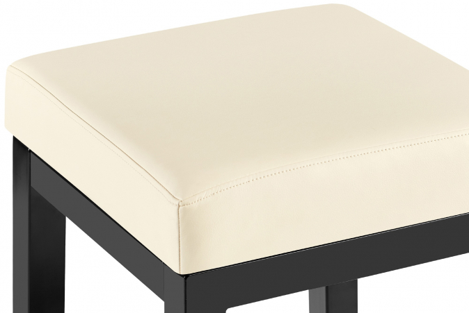 Čtvercový sedák barové židle je pohodlný i bez područek a opěradla. To zajišťuje čalounění, které je na přání potaženo látkou nebo umělou kůží.
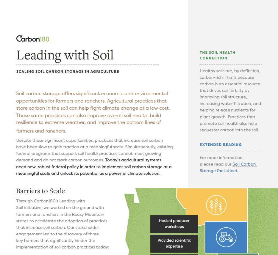 An overview of Carbon180’s Leading with Soil report, with a focus on recommendations for federal policies that can scale soil carbon storage in agriculture.
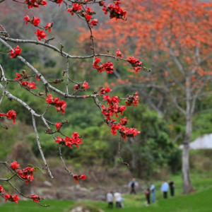 2月22日,海南昌江盛放的木棉花吸引了大批游客前来观赏。
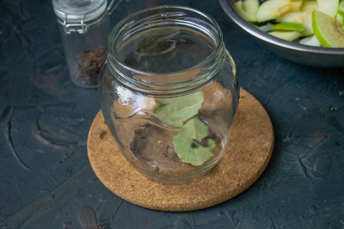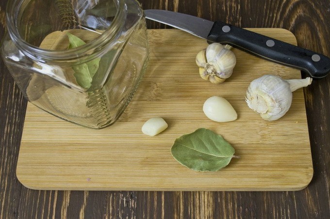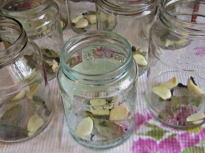 - We steriliseren de potten, drogen ze en leggen op de bodem van elk een paar teentjes knoflook, 3 erwten piment en hete peper, een paar laurierblaadjes en 2-3 knoppen van geurige kruidnagel.
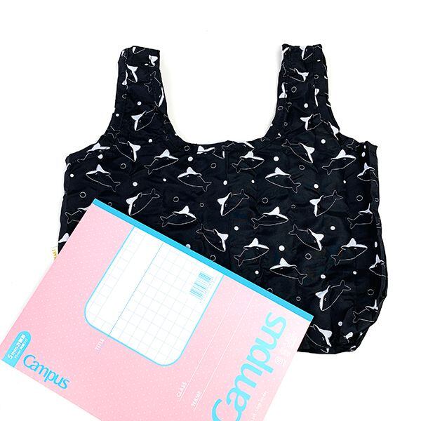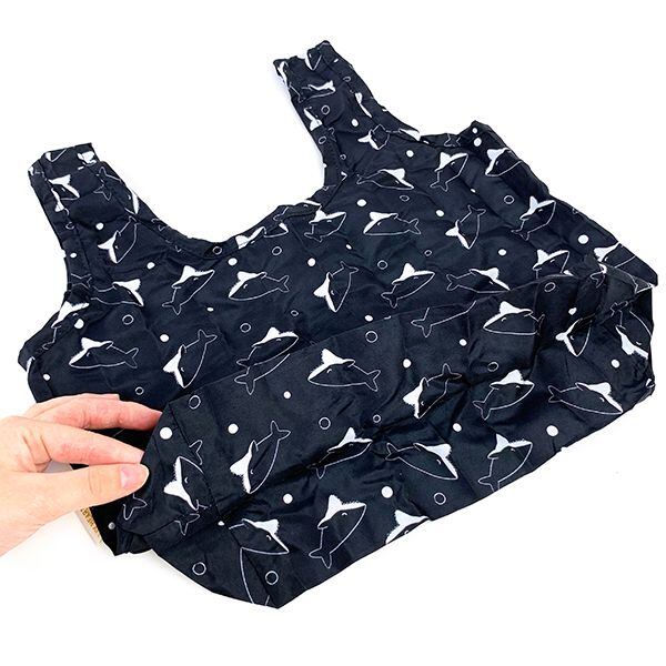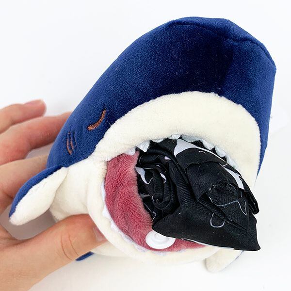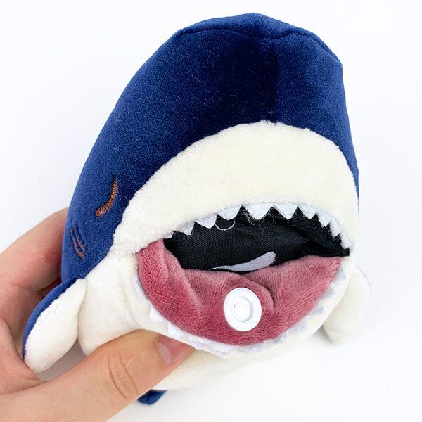 プレミアムねむねむアニマルズのかむかむズのサメのエコバッグです。口の中にキャラクター柄のエコバッグが入っていて、ストラップとしてバッグなどにも付けられるので持ち運びが便利です!エコバッグ落下防止のスナップボタン付きです♪
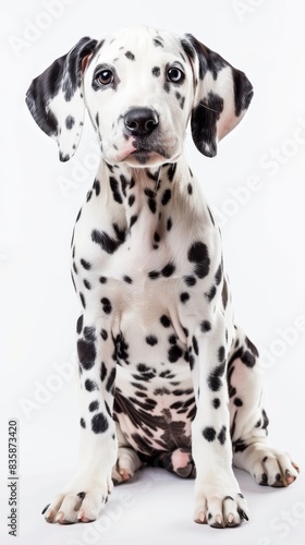 dalmatian, dog, canino, pet, animal, white, black, spot, sitting, looking, background, portrait, studio, photo, breed, purebred, furry, cute, adorable, friendly, loyal, playful, happy, cheerful, curious, attentive, observant, alert, ear, tail, paw, fur, coat, eye, nose, mouth
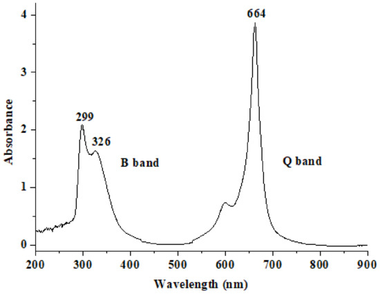 The UV−VIS and FT-IR were used to confirm the structure of the purchased CoPcS catalyst. The metal phthalocyanines and their derivatives have special absorption spectra in the ultraviolet and visible regions. That is the Q band of 600~800 nm and B band or Sorct band of 300–400 nm [31]. The UV−VIS spectra result of CoPcS catalyst is shown in Figure 2. The CoPcS have obvious absorption spectra in the B band and Q band with the maximum wavelengths located at 326 nm and 664 nm, which can be confirmed as the characteristic absorption peak of the CoPcS [32].
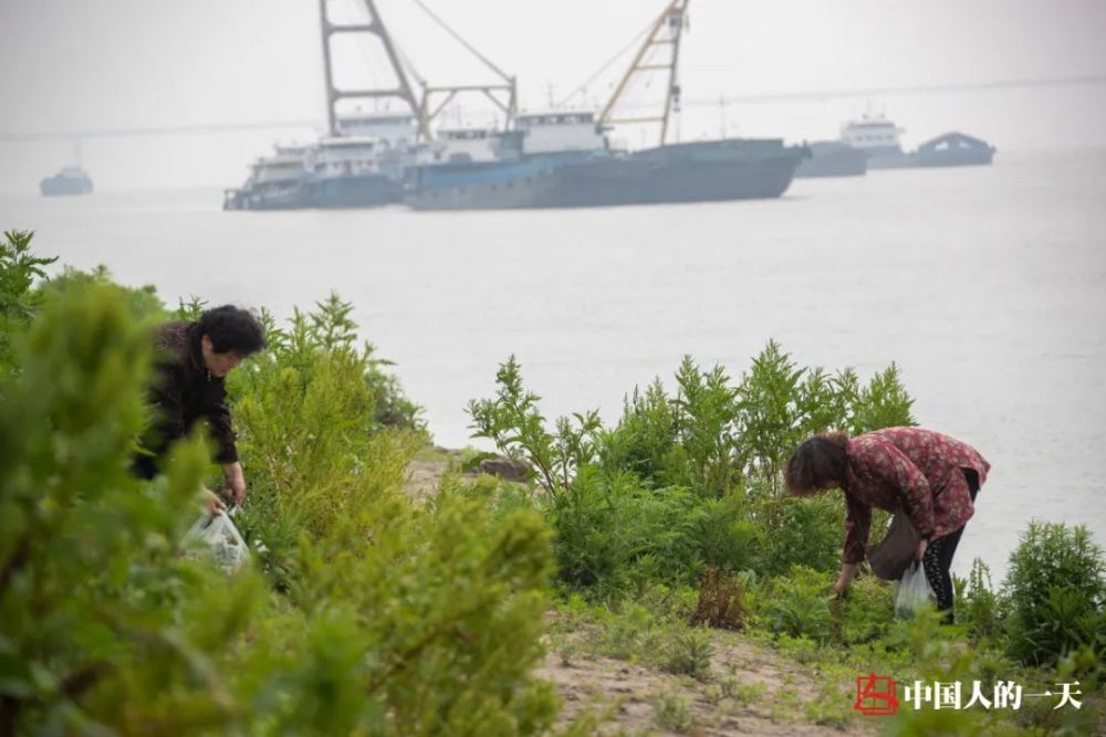 4月3日,武汉市民在长江边摘野菜。湖北日报 柯皓/摄
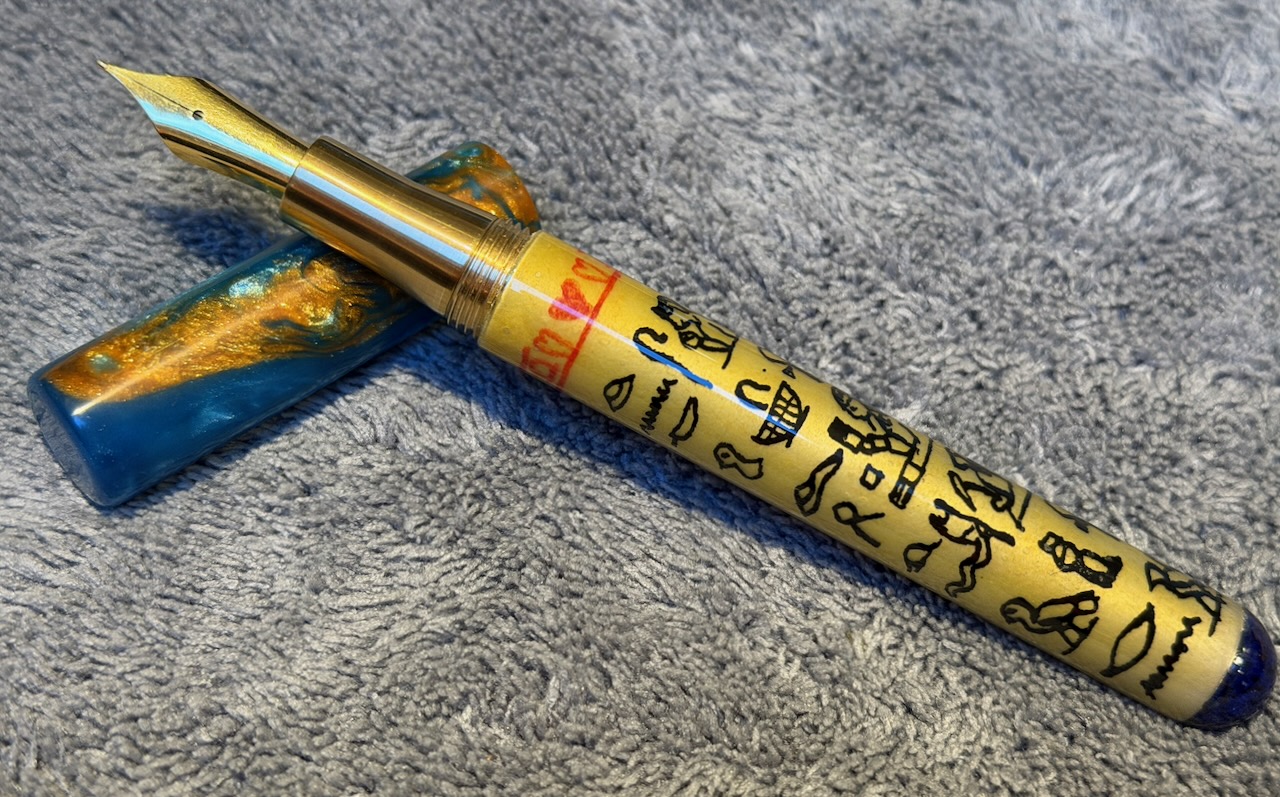Die Idee entstand, als ich die Glasröhrchen von den Vanille-Schoten aufgeräumt habe. Der Durchmesser war gut und sie lagen schön in der Hand. Wie macht man dazu ein schönes Design? Und geht das überhaupt? Ich hatte schon länger die Vorstellung von einem Füllfederhalter mit Hieroglyphen. Die beiden Ideen habe ich einfach verbunden. So ungefähr war…
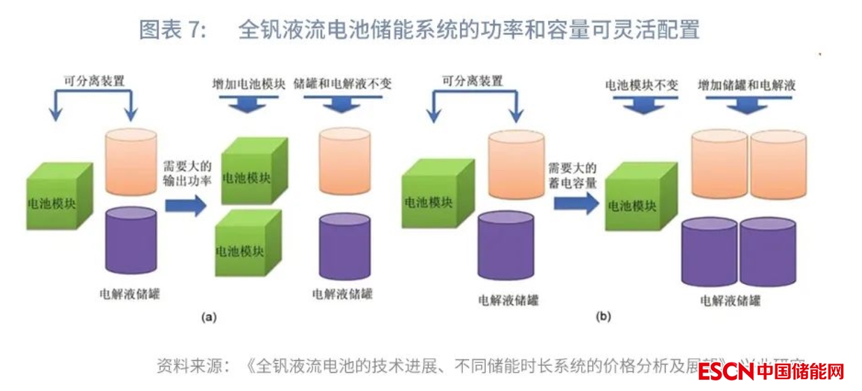 (1)功率與容量解耦,配置靈活、利于降本,適宜長時(shí)儲(chǔ)能調(diào)峰場景
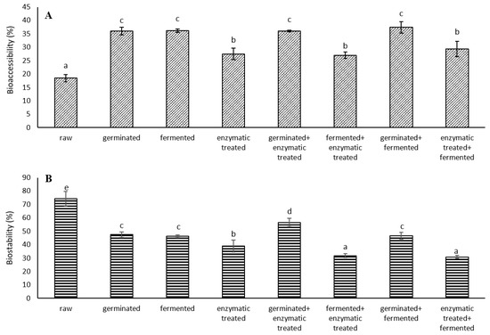 (A) Bioaccessibility and (B) biostability of total phenolic content (TPC) from raw and bioprocessed spelt seeds after in vitro digestion. The percentages were calculated with respect to corresponding undigested spelt seed TPCs. Results were expressed as the mean of three replicates and the error bars indicate standard deviation. Different letters indicate significant differences (p < 0.05; Duncan’s Multiple Range Test).
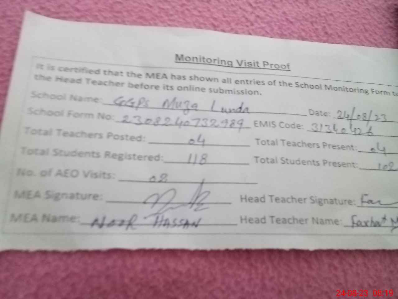 | Attendance Register | Head Teacher | MEA with School | Visit Proof |
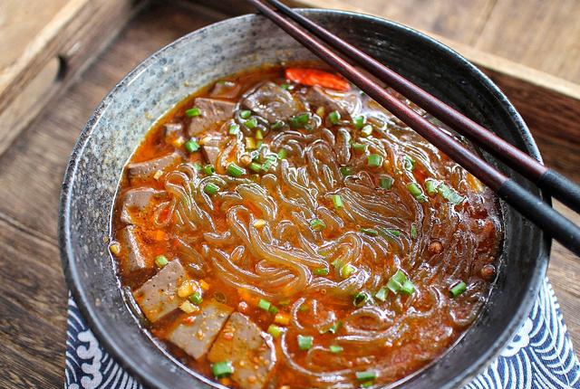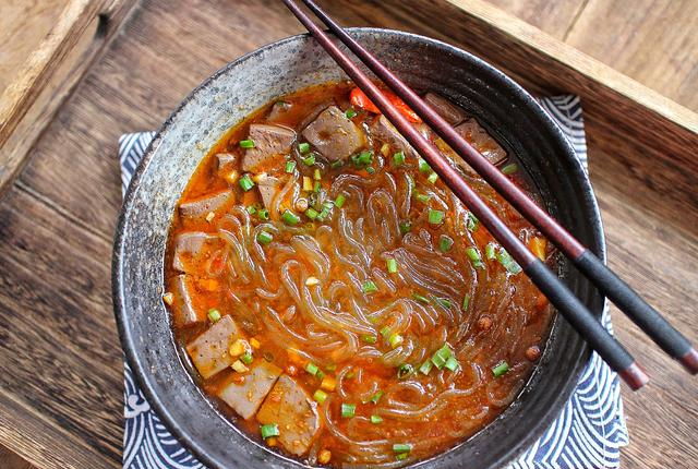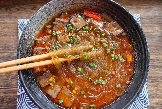 6、待汤汁煮沸后,我们将泡软的粉丝下锅,转中火煮3到5分钟,即可出锅享用。其实除了放鸭血之外,你也可以放方腿等其它自己爱吃的食材

● **Problem description**
Leave out the pictures and reproduce the rest of the listing exactly.

● **Answer for the task**
 Čtvercový sedák barové židle je pohodlný i bez područek a opěradla. To zajišťuje čalounění, které je na přání potaženo látkou nebo umělou kůží.
 An overview of Carbon180’s Leading with Soil report, with a focus on recommendations for federal policies that can scale soil carbon storage in agriculture.
 2月22日,海南昌江盛放的木棉花吸引了大批游客前来观赏。
 - We steriliseren de potten, drogen ze en leggen op de bodem van elk een paar teentjes knoflook, 3 erwten piment en hete peper, een paar laurierblaadjes en 2-3 knoppen van geurige kruidnagel.
 プレミアムねむねむアニマルズのかむかむズのサメのエコバッグです。口の中にキャラクター柄のエコバッグが入っていて、ストラップとしてバッグなどにも付けられるので持ち運びが便利です!エコバッグ落下防止のスナップボタン付きです♪
 dalmatian, dog, canino, pet, animal, white, black, spot, sitting, looking, background, portrait, studio, photo, breed, purebred, furry, cute, adorable, friendly, loyal, playful, happy, cheerful, curious, attentive, observant, alert, ear, tail, paw, fur, coat, eye, nose, mouth
 The UV−VIS and FT-IR were used to confirm the structure of the purchased CoPcS catalyst. The metal phthalocyanines and their derivatives have special absorption spectra in the ultraviolet and visible regions. That is the Q band of 600~800 nm and B band or Sorct band of 300–400 nm [31]. The UV−VIS spectra result of CoPcS catalyst is shown in Figure 2. The CoPcS have obvious absorption spectra in the B band and Q band with the maximum wavelengths located at 326 nm and 664 nm, which can be confirmed as the characteristic absorption peak of the CoPcS [32].
 4月3日,武汉市民在长江边摘野菜。湖北日报 柯皓/摄
Die Idee entstand, als ich die Glasröhrchen von den Vanille-Schoten aufgeräumt habe. Der Durchmesser war gut und sie lagen schön in der Hand. Wie macht man dazu ein schönes Design? Und geht das überhaupt? Ich hatte schon länger die Vorstellung von einem Füllfederhalter mit Hieroglyphen. Die beiden Ideen habe ich einfach verbunden. So ungefähr war…
 (1)功率與容量解耦,配置靈活、利于降本,適宜長時(shí)儲(chǔ)能調(diào)峰場景
 (A) Bioaccessibility and (B) biostability of total phenolic content (TPC) from raw and bioprocessed spelt seeds after in vitro digestion. The percentages were calculated with respect to corresponding undigested spelt seed TPCs. Results were expressed as the mean of three replicates and the error bars indicate standard deviation. Different letters indicate significant differences (p < 0.05; Duncan’s Multiple Range Test).
 | Attendance Register | Head Teacher | MEA with School | Visit Proof |
 6、待汤汁煮沸后,我们将泡软的粉丝下锅,转中火煮3到5分钟,即可出锅享用。其实除了放鸭血之外,你也可以放方腿等其它自己爱吃的食材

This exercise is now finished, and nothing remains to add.